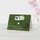 Cartão de condolências de golfe representando um clube de golfe solitário, bola e luva em uma cama de grama verde.
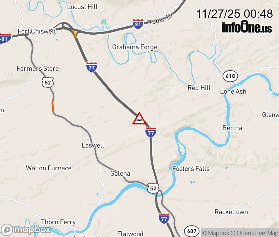 On I-77 at mile marker 28.5 in the County of Wythe, motorists can expect delays due to a vehicle crash. The south left shoulder and left lane are closed. Updated: Thu 11/27/25 12:48 AM EST ![]() |
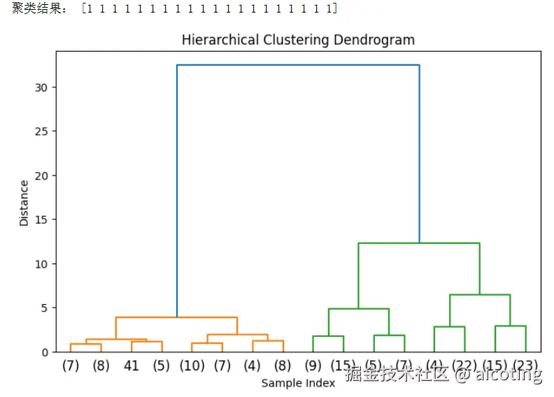 最终结果可以用树状图(dendrogram)直观展示,每个分支的高度代表簇之间的距离。
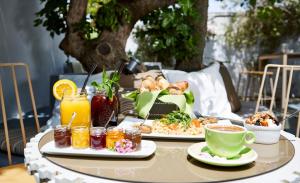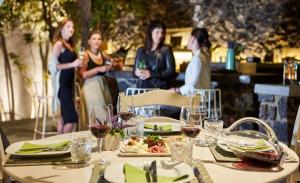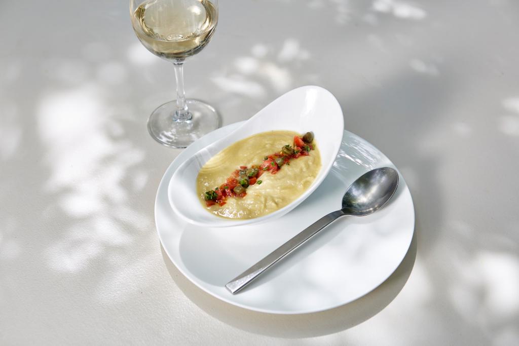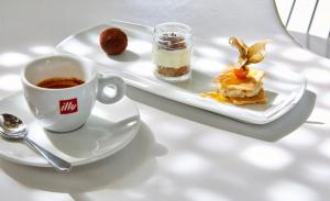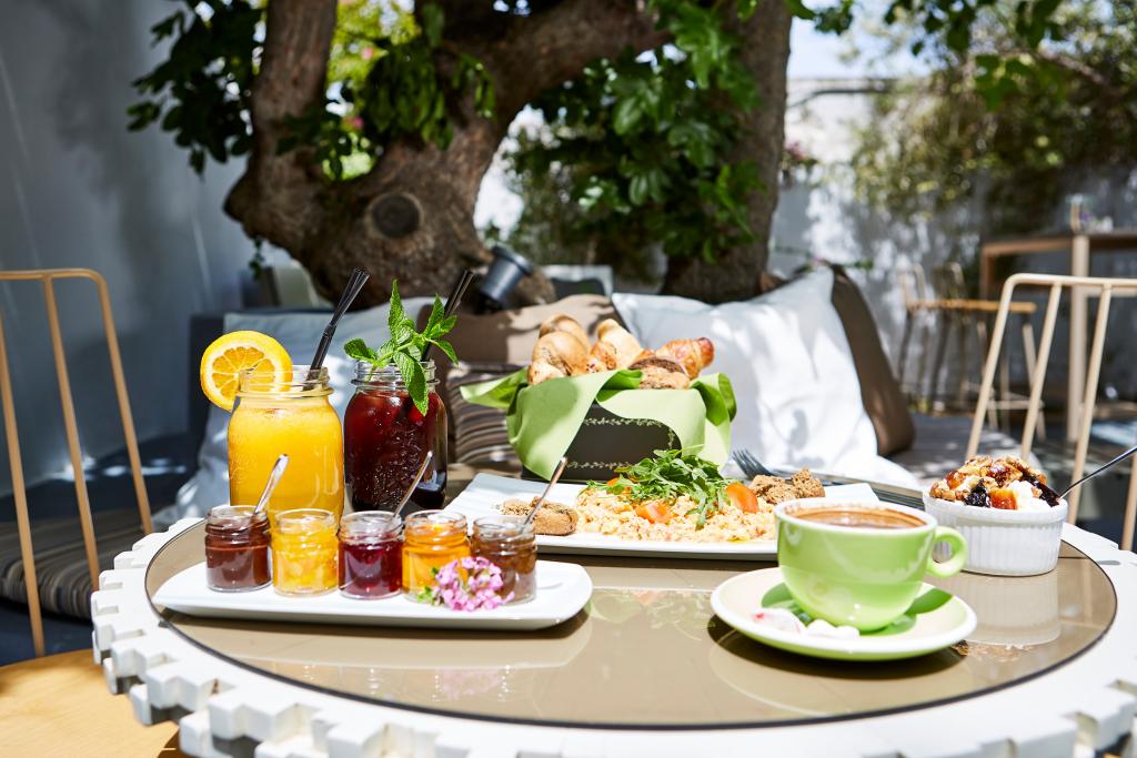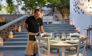 Από νωρίς το πρωί και όλη την ημέρα, ο χώρος επιδεικνύει μοντέρνα αισθητική καθώς δίνει μια αίσθηση ηρεμίας και δροσιάς από τα δέντρα και τα φυτά. Σε ένα ανεπιτήδευτο, φιλικό και χαρούμενο περιβάλλον, προσφέρουμε εξαιρετικές υπηρεσίες, πρωινά, καφέ, επιδόρπια, σνακς και υψηλής ποιότητας μοντέρνο Ελληνικό φαγητό σε συνοδεία περίπου 100 επιλεγμένων οίνων από τον ηφαιστειακό αμπελώνα του νησιού και από άλλες περιοχές της Ελλάδας..
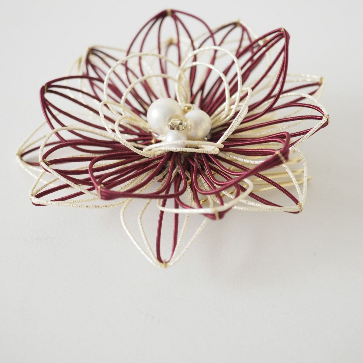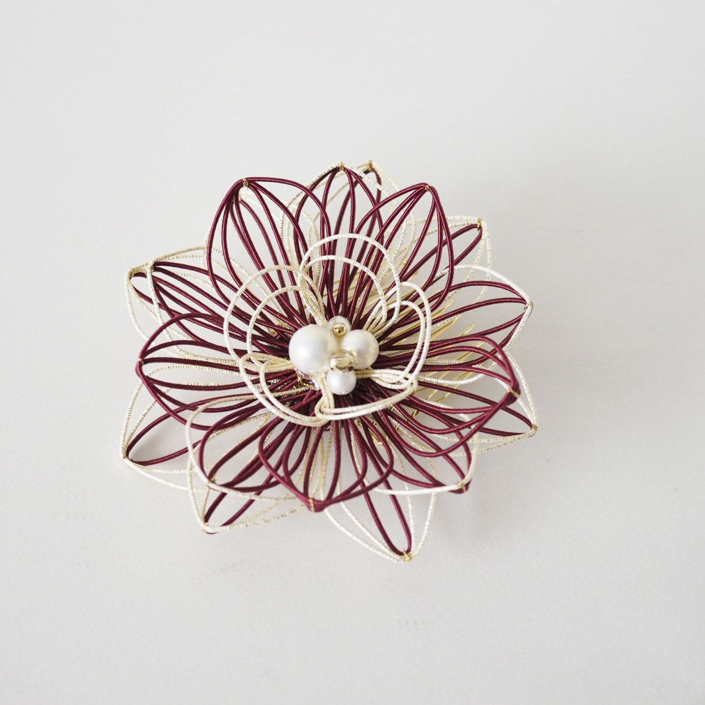 本漆純金蒔絵螺鈿かんざし 輪ピン(中) 七宝つなぎ文様

• _Task details_:
Starting at the line that contains "最终结果可以用树状图(den", return every line through the end of the records above exactly as written, and return no pictures.

• _Reply_:
 最终结果可以用树状图(dendrogram)直观展示,每个分支的高度代表簇之间的距离。
 Από νωρίς το πρωί και όλη την ημέρα, ο χώρος επιδεικνύει μοντέρνα αισθητική καθώς δίνει μια αίσθηση ηρεμίας και δροσιάς από τα δέντρα και τα φυτά. Σε ένα ανεπιτήδευτο, φιλικό και χαρούμενο περιβάλλον, προσφέρουμε εξαιρετικές υπηρεσίες, πρωινά, καφέ, επιδόρπια, σνακς και υψηλής ποιότητας μοντέρνο Ελληνικό φαγητό σε συνοδεία περίπου 100 επιλεγμένων οίνων από τον ηφαιστειακό αμπελώνα του νησιού και από άλλες περιοχές της Ελλάδας..
 本漆純金蒔絵螺鈿かんざし 輪ピン(中) 七宝つなぎ文様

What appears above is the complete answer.